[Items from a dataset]
***
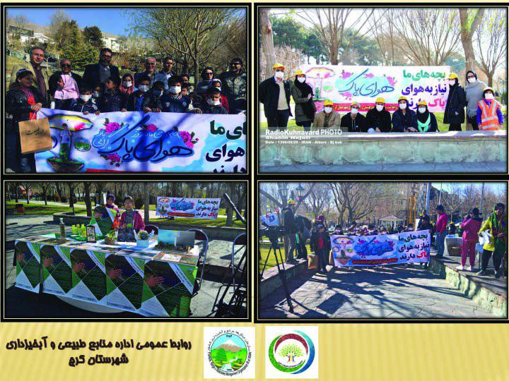 در این راستا؛ اداره منابع طبیعی و آبخیزداری شهرستان کرج در روز جمعه مورخه 29 دی ماه، با حضور کودکان کار شهرستان، مشارکت سازمان سیما، منظر و فضای سبز شهرداری کرج و حامیان و همیاران طبیعت، سمن ها و دوستداران محیط زیست نسبت به برگزاری همایش بیاد ماندنی روز ملی هوای پاک اقدام نمود.
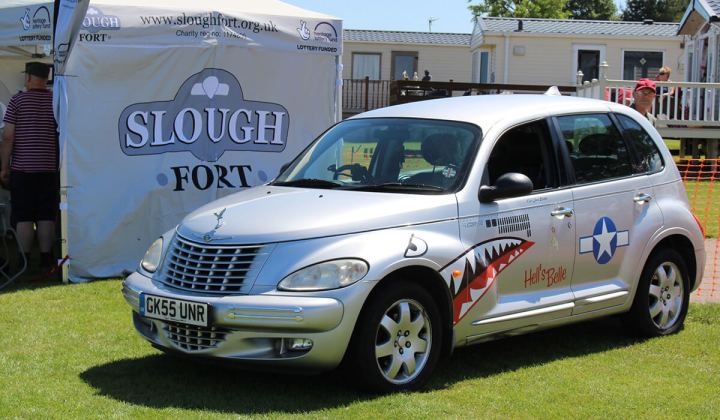 Next arrival is a Custom car. A silver Chrysler PT Cruiser that I chanced upon in a local car park a month ago. The second I saw it, I put a note on the car’s windscreen asking the owner to bring it to this event and to contact me. Thankfully he did both! He has driven it all the way from Dover, to honour 44-6133’s crew. This car, named Hell’s Belle, is truly unique. I have never seen one customised as the nose of a B-25 bomber before! Thank you so much for coming, Rob! It is a real eye-catcher!
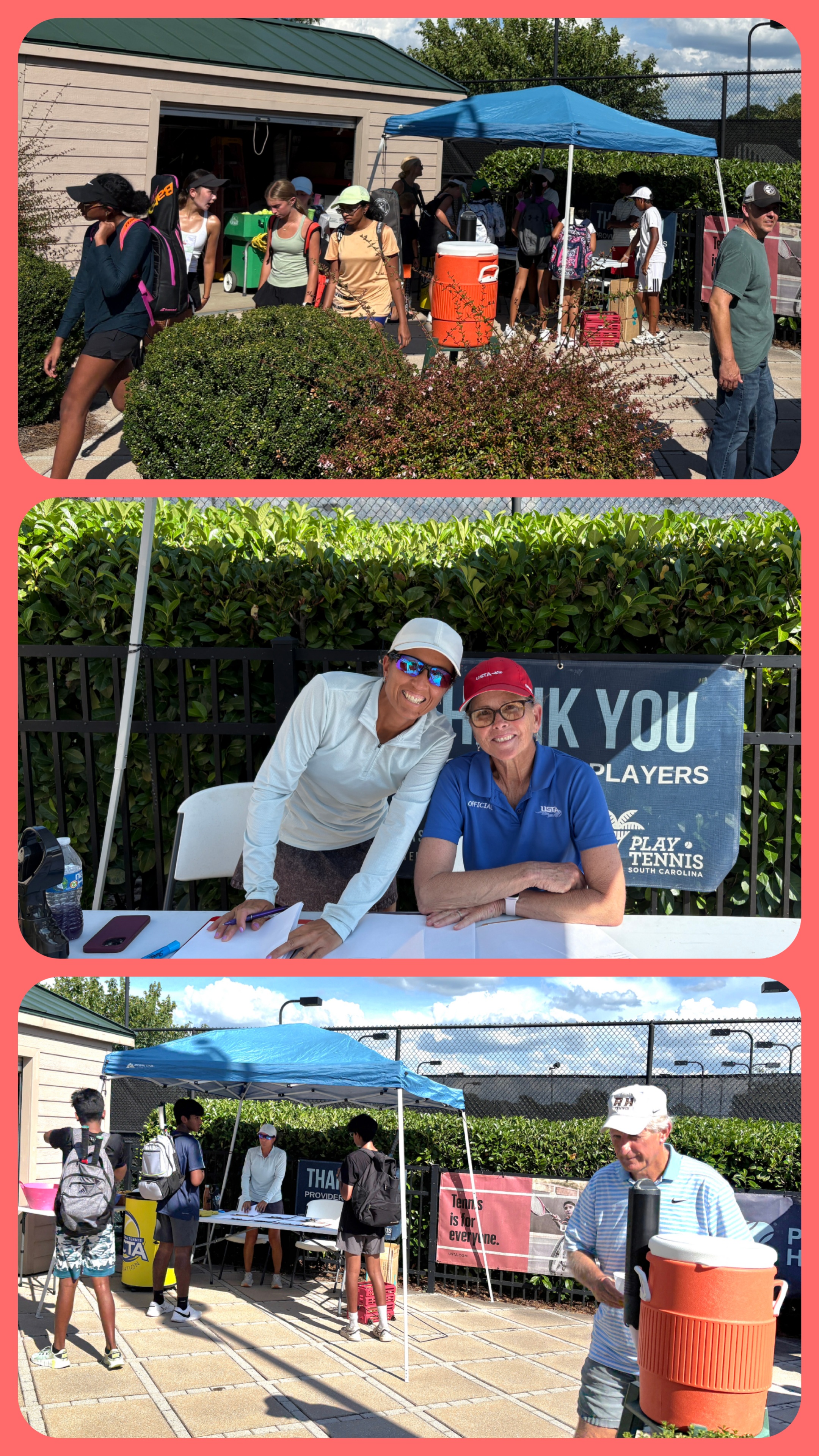 The RHTC 2025 Summer Tennis program is finishing up. Coach John and his Green Dot ball players endured the heat with ice pops and the mister tent. They are all smiles playing good tennis and having fun on the final day! Photo
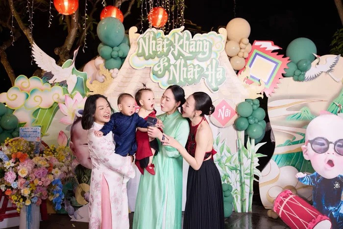 Mới đây, Phương Oanh - Shark Bình tổ chức tiệc thôi nôi tròn 1 tuổi cho cặp song sinh Jimmy - Jenny cực kì hoành tráng. Khung cảnh buổi tiệc được trang trí hoành tráng với bóng bay, hoa tươi. Ngoài ra, tại sảnh chính của tiệc còn đặt nhiều hình ảnh chibi của Jimmy - Jenny kèm theo tên thật của 2 bé là Nhật Khang - Nhật Hạ.
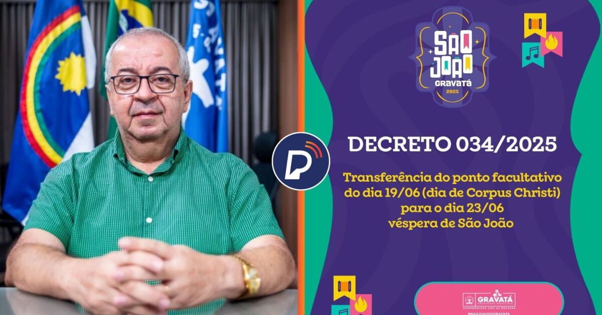 A Prefeitura de Gravatá publicou, nesta semana, o Decreto nº 034/2025, que estabelece ponto facultativo nas repartições públicas municipais da administração direta e indireta para o dia 23 de junho (segunda-feira), véspera de São João.
***
DESCRIPTION OF THE TASK: Exclude the pictures and give back the rest of the data above exactly as written.

EXERCISE OUTPUT:
 در این راستا؛ اداره منابع طبیعی و آبخیزداری شهرستان کرج در روز جمعه مورخه 29 دی ماه، با حضور کودکان کار شهرستان، مشارکت سازمان سیما، منظر و فضای سبز شهرداری کرج و حامیان و همیاران طبیعت، سمن ها و دوستداران محیط زیست نسبت به برگزاری همایش بیاد ماندنی روز ملی هوای پاک اقدام نمود.
 Next arrival is a Custom car. A silver Chrysler PT Cruiser that I chanced upon in a local car park a month ago. The second I saw it, I put a note on the car’s windscreen asking the owner to bring it to this event and to contact me. Thankfully he did both! He has driven it all the way from Dover, to honour 44-6133’s crew. This car, named Hell’s Belle, is truly unique. I have never seen one customised as the nose of a B-25 bomber before! Thank you so much for coming, Rob! It is a real eye-catcher!
 The RHTC 2025 Summer Tennis program is finishing up. Coach John and his Green Dot ball players endured the heat with ice pops and the mister tent. They are all smiles playing good tennis and having fun on the final day! Photo
 Mới đây, Phương Oanh - Shark Bình tổ chức tiệc thôi nôi tròn 1 tuổi cho cặp song sinh Jimmy - Jenny cực kì hoành tráng. Khung cảnh buổi tiệc được trang trí hoành tráng với bóng bay, hoa tươi. Ngoài ra, tại sảnh chính của tiệc còn đặt nhiều hình ảnh chibi của Jimmy - Jenny kèm theo tên thật của 2 bé là Nhật Khang - Nhật Hạ.
 A Prefeitura de Gravatá publicou, nesta semana, o Decreto nº 034/2025, que estabelece ponto facultativo nas repartições públicas municipais da administração direta e indireta para o dia 23 de junho (segunda-feira), véspera de São João.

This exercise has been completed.